Health Care Law: A Field of Gaps
6 Pages Posted: 8 Apr 2010
Date Written: January 12, 2010
Abstract
During the past 25 years, a number of issues in health care law have illustrated an important paradox. As Tocqueville observed more than 150 years ago in his classic study of the United States, we regularly turn to the courts to resolve our political differences. Yet, many issues that seem to have been settled by the courts turn out not to be very settled. The continuing debates over abortion provide a prominent illustration. Decisions at the end of life offer important examples as well. Although courts have concluded that withdrawing life-sustaining treatment is the same as withholding such treatment and that withdrawing artificial nutrition and hydration is no different than withdrawing artificial ventilation, many people continue to hew to those distinctions.

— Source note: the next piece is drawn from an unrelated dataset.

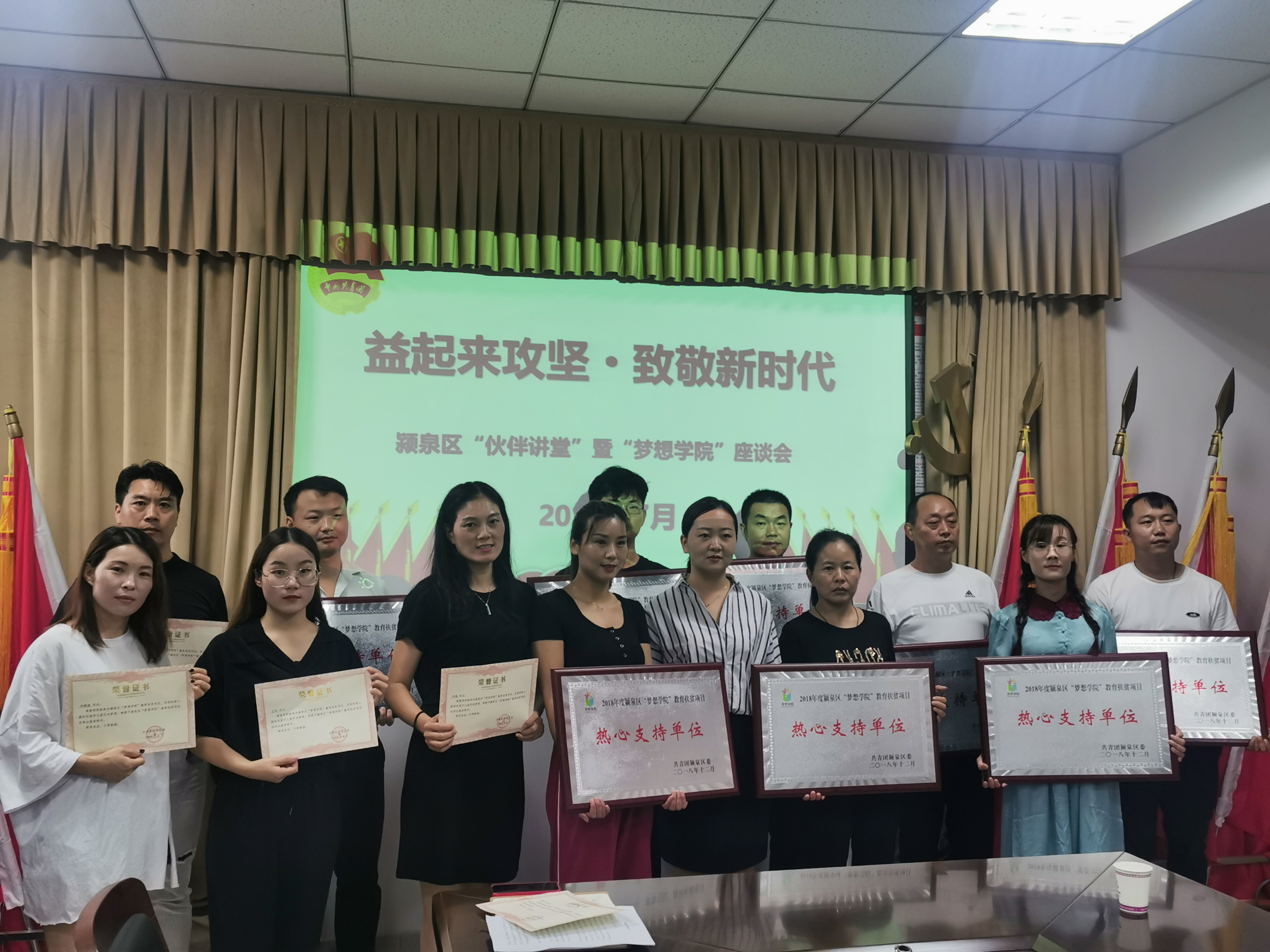 近日,團(tuán)潁泉區(qū)委召開“伙伴講堂”暨“夢想學(xué)院”教育扶貧志愿服務(wù)活動座談會。潁泉區(qū)“夢想學(xué)院”支教教師代表和“夢想學(xué)院”負(fù)責(zé)人代表參加座談。

Because critical issues may be judicially decided but publicly unsettled, health care law is very much a field of gaps - gaps between law on the books and law in practice, gaps between perceptions of law and its actual impact, and gaps between rhetoric and reality. As a result, developments in the law often outpace public sentiments and preferences. Perhaps these gaps are not surprising. Health care law deals with many difficult and controversial issues, issues that really can mean the difference between life and death. An important task for the next 25 years will be to understand better the nature of the gaps between health care law and the public’s views and to figure out how to bridge those gaps.